Once a year is right for an average household — roughly three to five open-and-close cycles a day. If your door is your main entrance, you have several drivers, or you're running well past that, service it twice a year. Heavy use simply wears the springs, rollers, and opener faster.
What's the garage door balance test?
With the door closed, pull the manual release cord to disconnect the opener, then lift the door by hand to about waist height and let go. A balanced door stays put. If it slides down or wants to fly up, the spring tension is off — that's a job for a tech, not a DIY adjustment. Re-attach the opener when you're done.
How do I test the auto-reverse safety feature?
Two checks, monthly. For the photo-eyes: close the door and wave a broom through the beam near the floor — the door should reverse. For reverse-on-contact: lay a 2x4 flat on the floor in the doorway and close the door onto it — the door should hit the wood and reverse. If either fails, stop using the opener and have the safety system checked.
Why does a garage door need annual service in Michigan?
West Michigan winters are hard on a door. Cold makes spring steel more brittle and is when tired springs snap, road grit and salt grind at the rollers and tracks, and freeze-thaw swings stress every moving part. An annual tune-up before winter keeps things lubricated and catches a worn part before the first hard freeze finds it.

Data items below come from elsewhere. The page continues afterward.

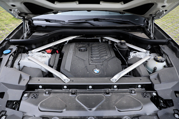 目前在大陆发售的宝马X5,就一款动力总成,3.0T直列六缸发动机,代号B58B30C,最大功率250kW、最大扭矩450Nm。匹配采埃孚8AT变速箱。看参数,这台3.0T跟竞品比差了一点点。还是那句话,宝马的动力总成的实力,不能简单看那几个数字,这点我们在下一节细说。打开机舱看布局,发动机本体尽量缩在前轴后方的特质还在,哪怕是SUV,宝马依旧想把前轴配重尽量平衡。
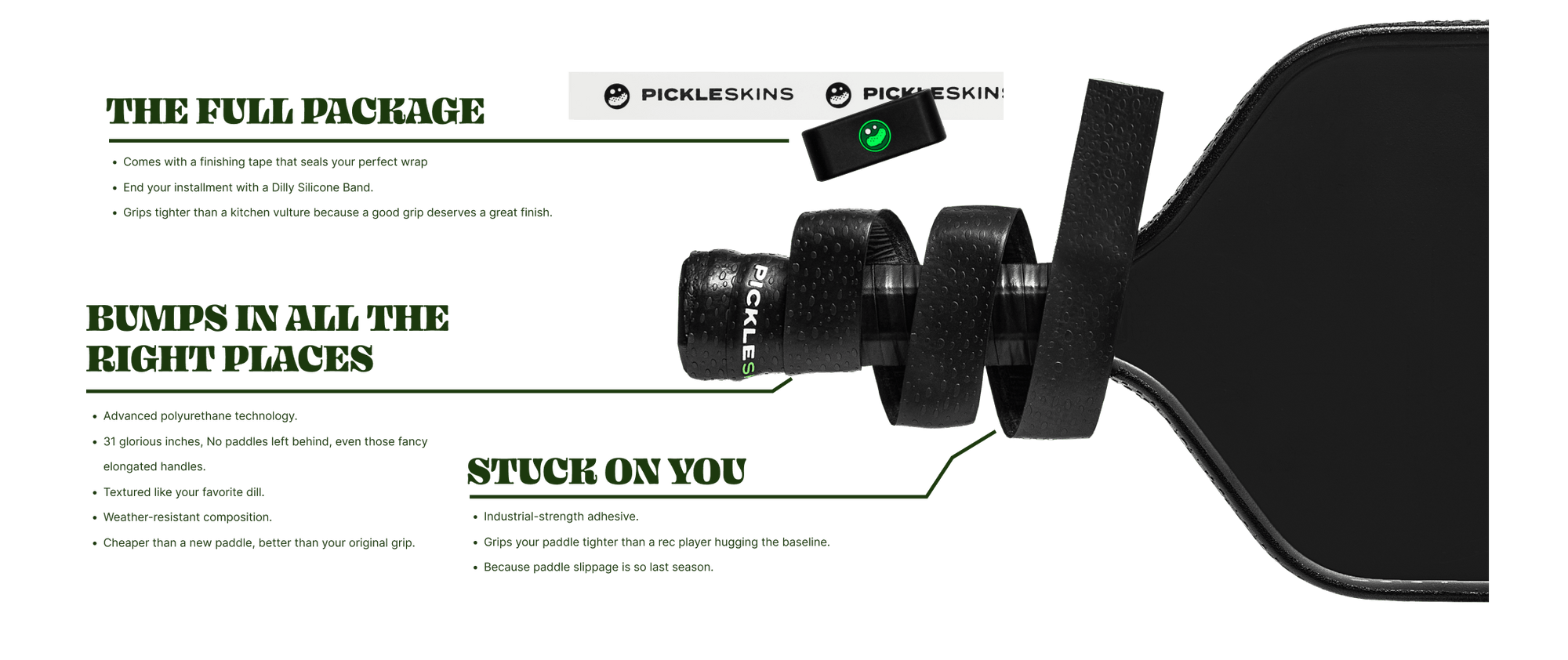 Get ready to dill out some amazing shots for a game-changing grip that sticks like a pickle to a bun! We've harnessed the very essence of pickleball wizardry to create a grip that defies the laws of slipperiness in any weather condition. Say goodbye to that plain old grip your paddle came with and upgrade to Pickleskins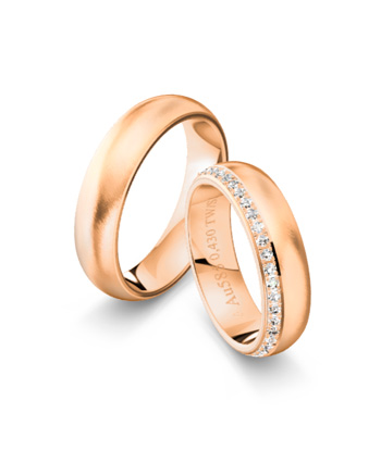 Jeder Ring kann individuell angepasst werden: in der Breite und Stärke ebenso wie beim Steinbesatz, bei der Goldfarbe oder der Oberfläche.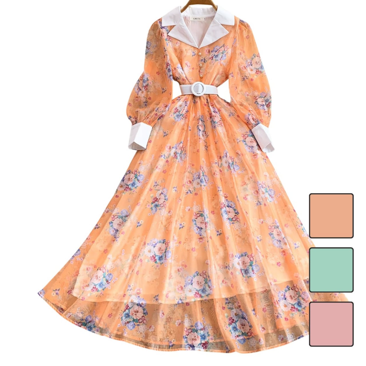 フラワーシャツカラーウエストマークワンピース 3color L2247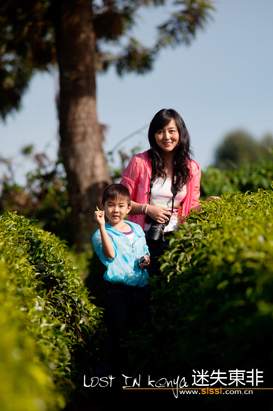 导游随后示范如何采摘茶叶,食指和中指夹住叶根,拇指按住叶子,用力一拽,叶子就下来了。尨尨很兴奋,跟着导游挤进茶树丛,“我要多采些茶叶带给阿公。”全然不顾此“茶叶”非彼“茶叶”的劝告,不过也不枉阿公带他带得这么辛苦。当我们举起相机对着尨尨,处在镜头边缘的导游嗖地缩到了茶树以下。这个帅哥导游十分搞笑,有时当他出现在拍摄的“背景”中时,他会将一小束茶叶举到头顶,扮黑脸白衣茶树。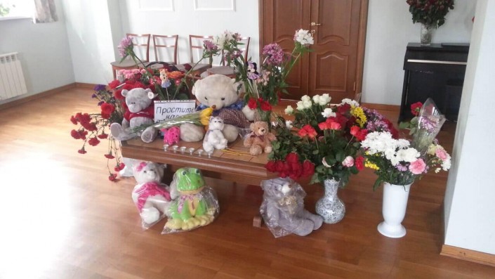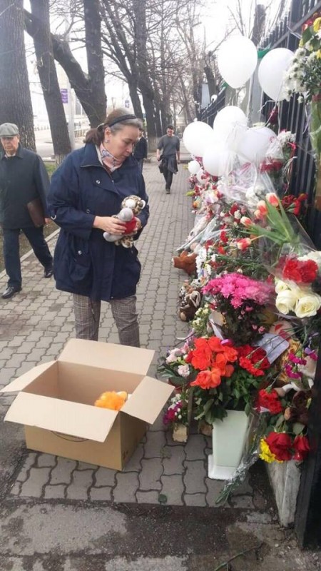 Митинг скорби у здания консульства прошел 28 марта 2018 года. Игрушки и цветы были принесены алматинцами в память о погибших при пожаре в торговом центре "Зимняя вишня" в Кемерово.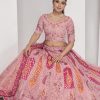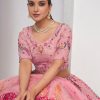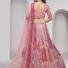 Pink heavy embroidered bridal lehenga choli, made with thread, sequins and zarkan work. Comes with matching soft net lehenga, choli and dupatta.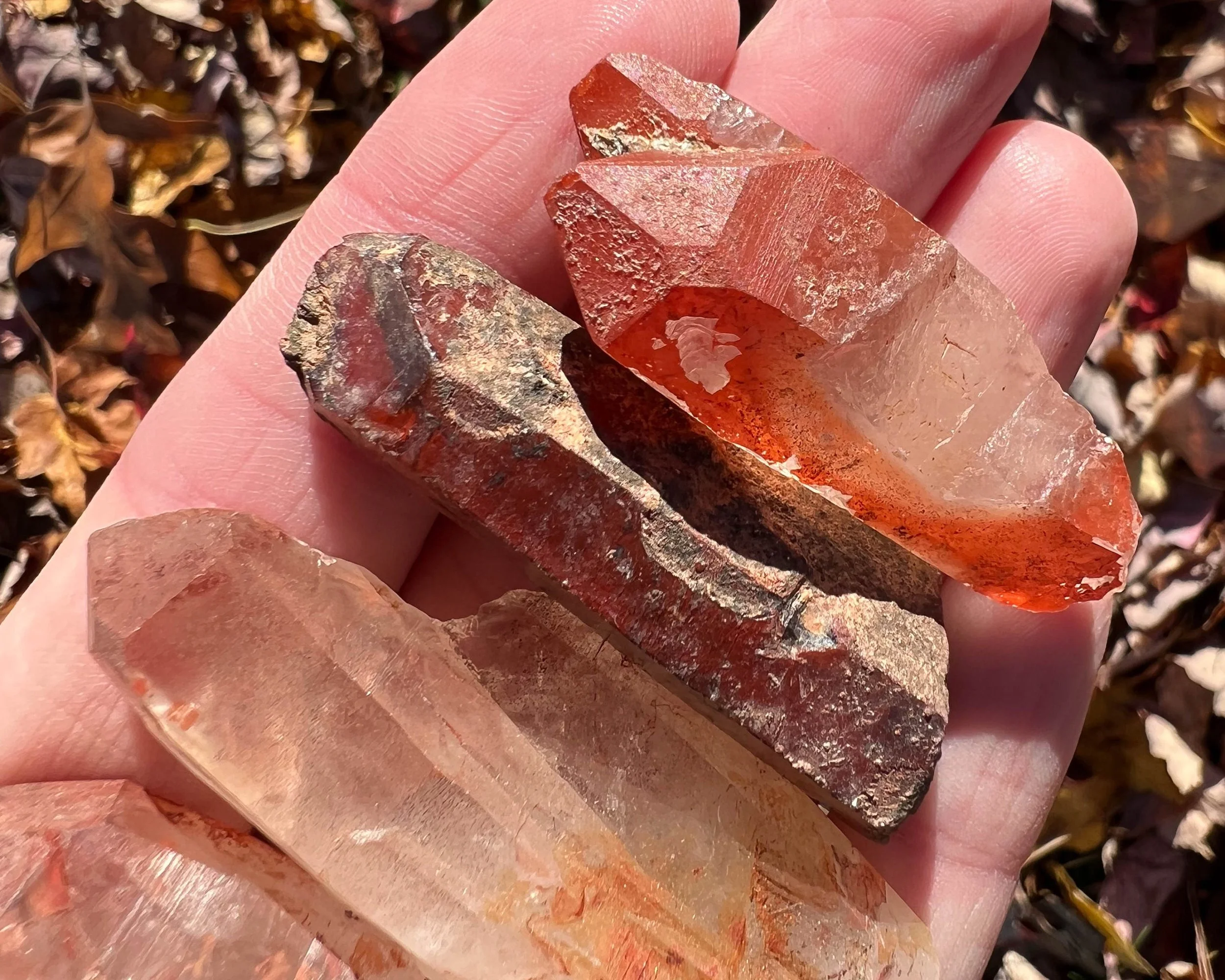 One of these are double terminated, some also having multiple terminations on one side. They have fun features like shiny Hematite specks, self healing, striations, funky etching etc.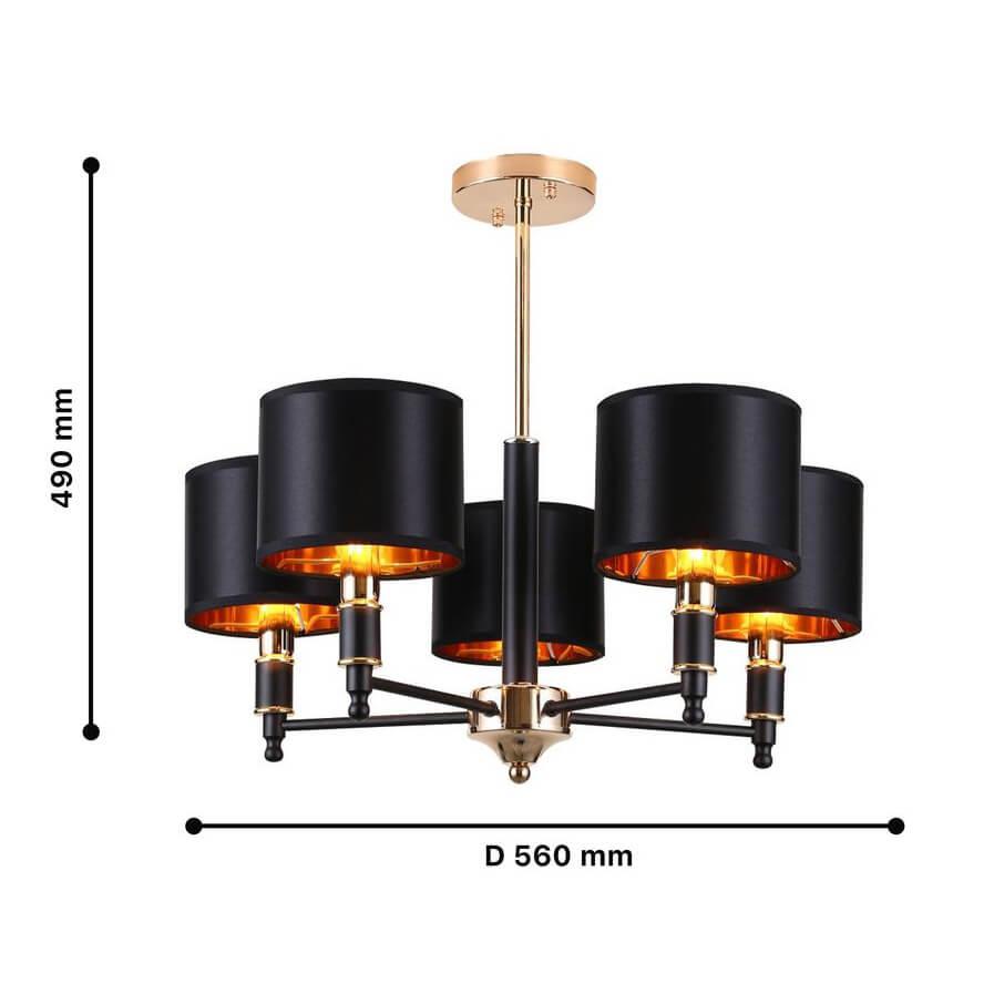 Производитель светильника рекомендует для устройства 5 ламп накаливания с цоколем E14 и мощностью 40 W, что позволит осветить помещение площадью кв.м. Габариты изделия: высота – 490 мм, диаметр – 560 мм.

What does a professional tune-up include that I can't do?
A 12-point tune-up covers what's not safe or practical at home: measuring and adjusting spring balance, checking cable wear and drum seating, swapping failing rollers, aligning the tracks, tuning the opener force and travel limits, and verifying the safety systems. We give you a free, up-front quote, and the visit pays for itself by catching failures early.